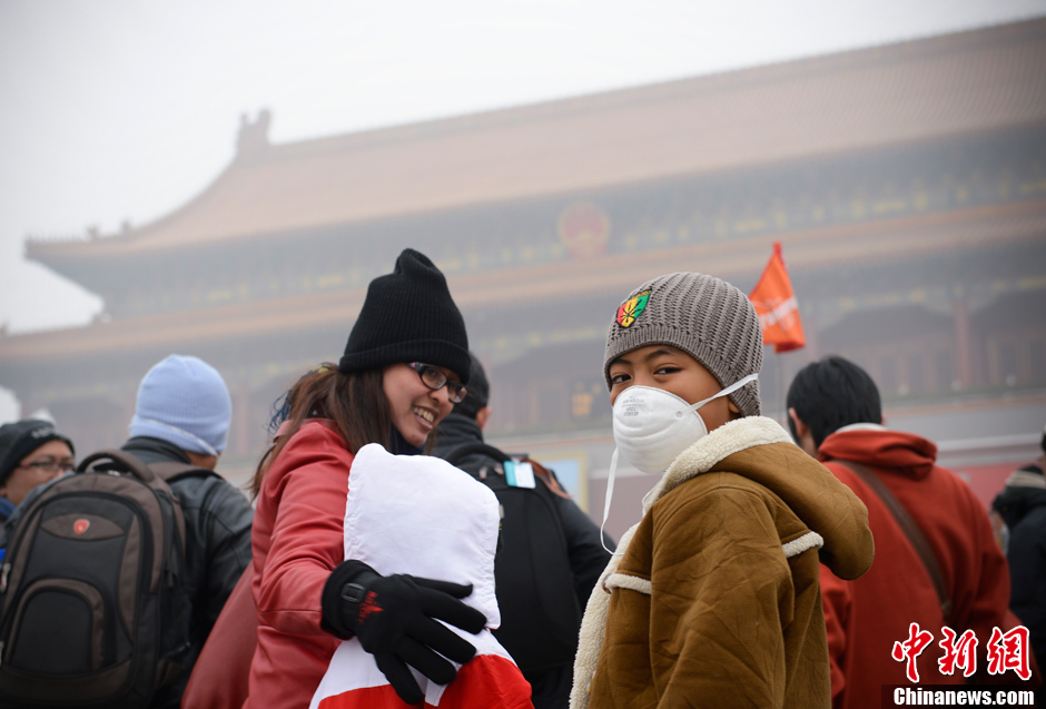 2月28日,游客在天门地区游览。北京当日再次遭遇严重雾霾天,空气污染严重,能见度差。刘震 摄
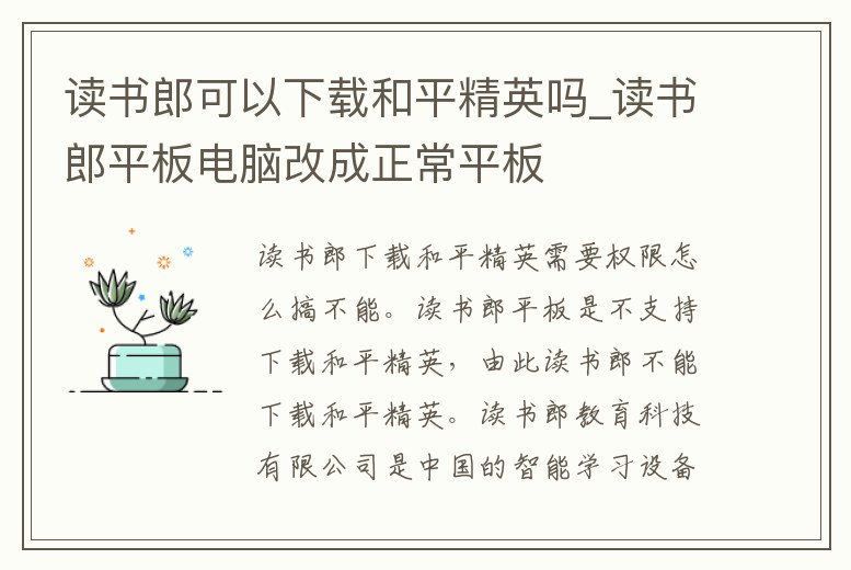- 讀書郎可以下載和平精英嗎_讀書郎平板電腦改成正常平板
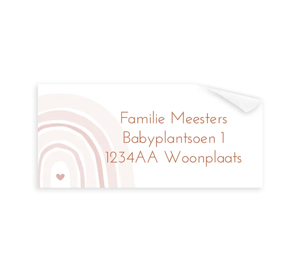 Adressticker met hartje en roze regenboog
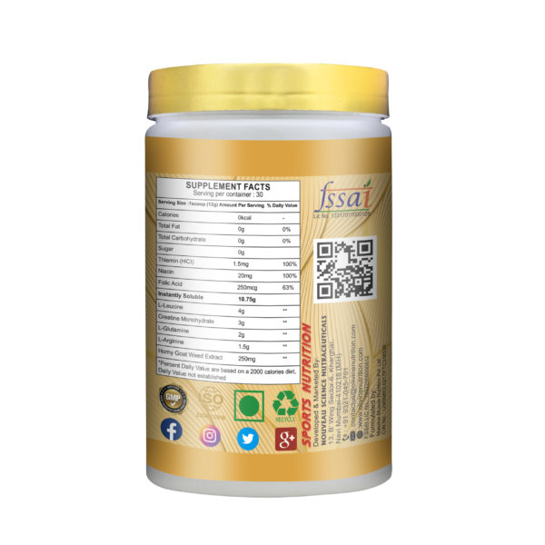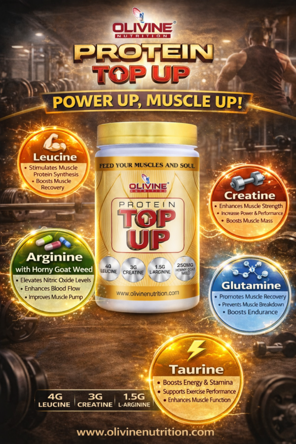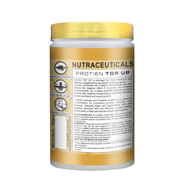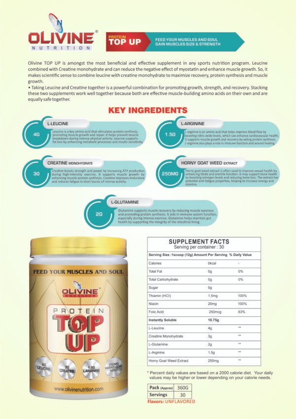 Olvine TOP UP is amongst the most beneficial and effective supplement in any sports nutrition program. Leucine combined with Creatine monohydrate can reduce the negative effect of myostatin and enhance muscle growth. So, it makes scientific sense to combine leucine with creatine monohydrate to maximize recovery, protein synthesis and muscle growth.
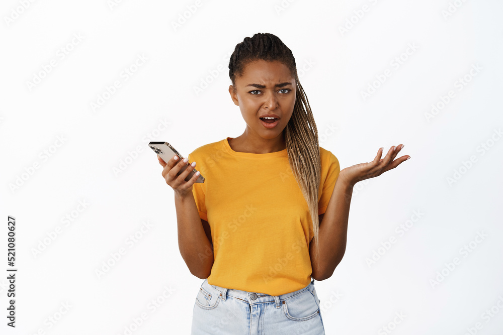 Confused and annoyed Black girl reacts to smartphone notification or phone message, shrugging puzzled and frowning, standing over white background
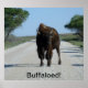 Un buffle trône fièrement au milieu de la route, osant passer.
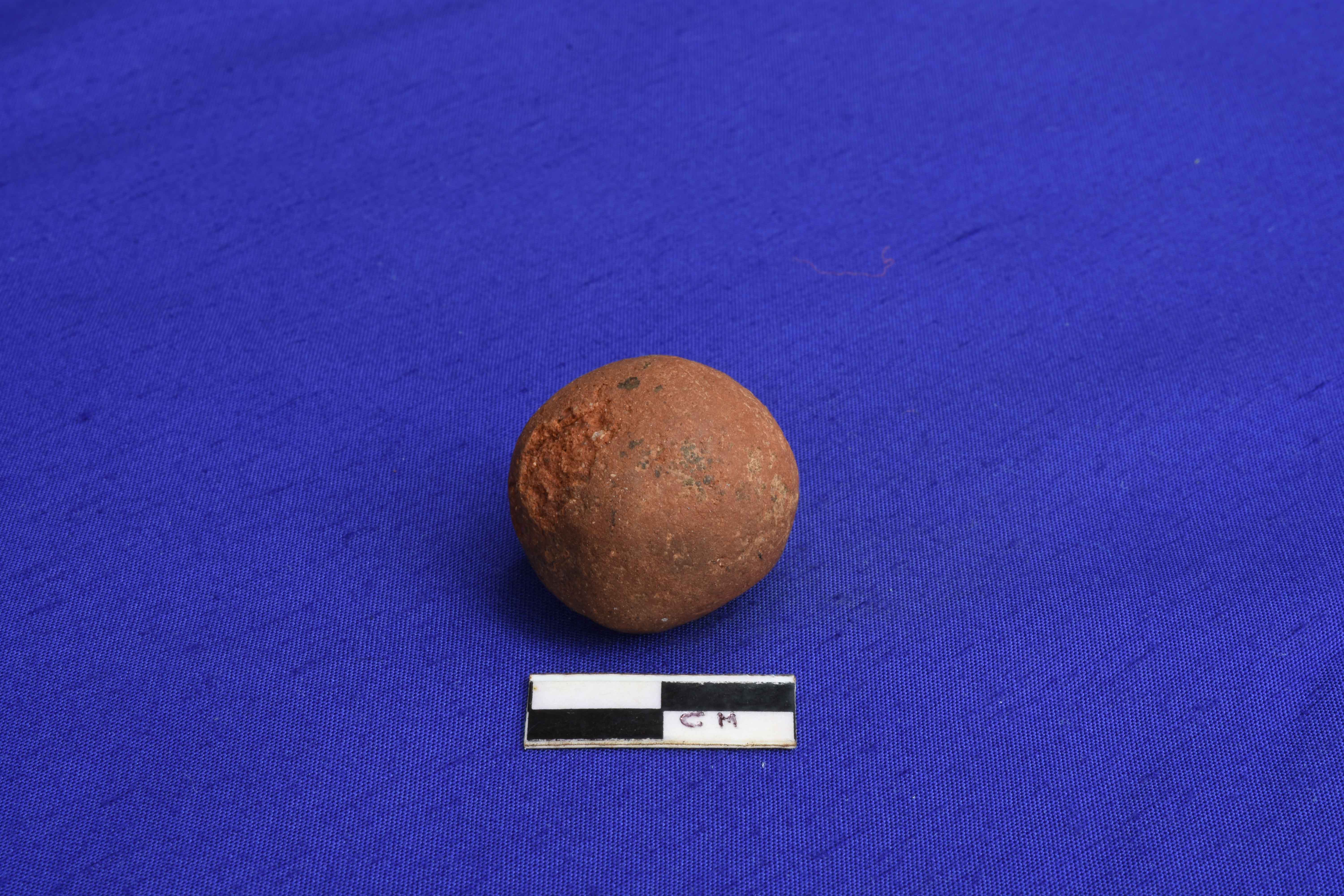 A Terracotta sling Ball, well fired with a rough surface. Devoid of any slip.
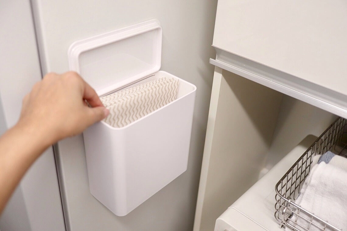 収納としても使えるので、キッチンでダスターを入れたり、洗濯機にくっつけて洗濯ネットを入れたり、タブレット洗剤を入れるのもおすすめ!
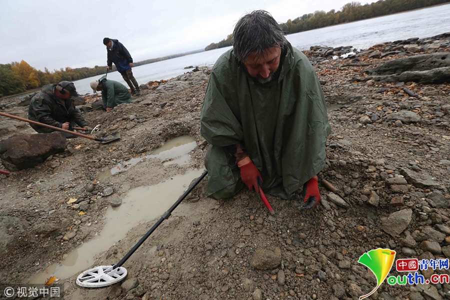 多瑙河水位下降現(xiàn)“寶藏” 考古人員發(fā)掘出大批古錢幣

__Assignment__.
From the line that contains "Adressticker met hartje en roze regenboog" to the last line of the data above, inclusive, transcribe every line exactly and only those lines, omitting pictures.

__Output below__.
 Adressticker met hartje en roze regenboog
 Olvine TOP UP is amongst the most beneficial and effective supplement in any sports nutrition program. Leucine combined with Creatine monohydrate can reduce the negative effect of myostatin and enhance muscle growth. So, it makes scientific sense to combine leucine with creatine monohydrate to maximize recovery, protein synthesis and muscle growth.
 Confused and annoyed Black girl reacts to smartphone notification or phone message, shrugging puzzled and frowning, standing over white background
 Un buffle trône fièrement au milieu de la route, osant passer.
 A Terracotta sling Ball, well fired with a rough surface. Devoid of any slip.
 収納としても使えるので、キッチンでダスターを入れたり、洗濯機にくっつけて洗濯ネットを入れたり、タブレット洗剤を入れるのもおすすめ!
 多瑙河水位下降現(xiàn)“寶藏” 考古人員發(fā)掘出大批古錢幣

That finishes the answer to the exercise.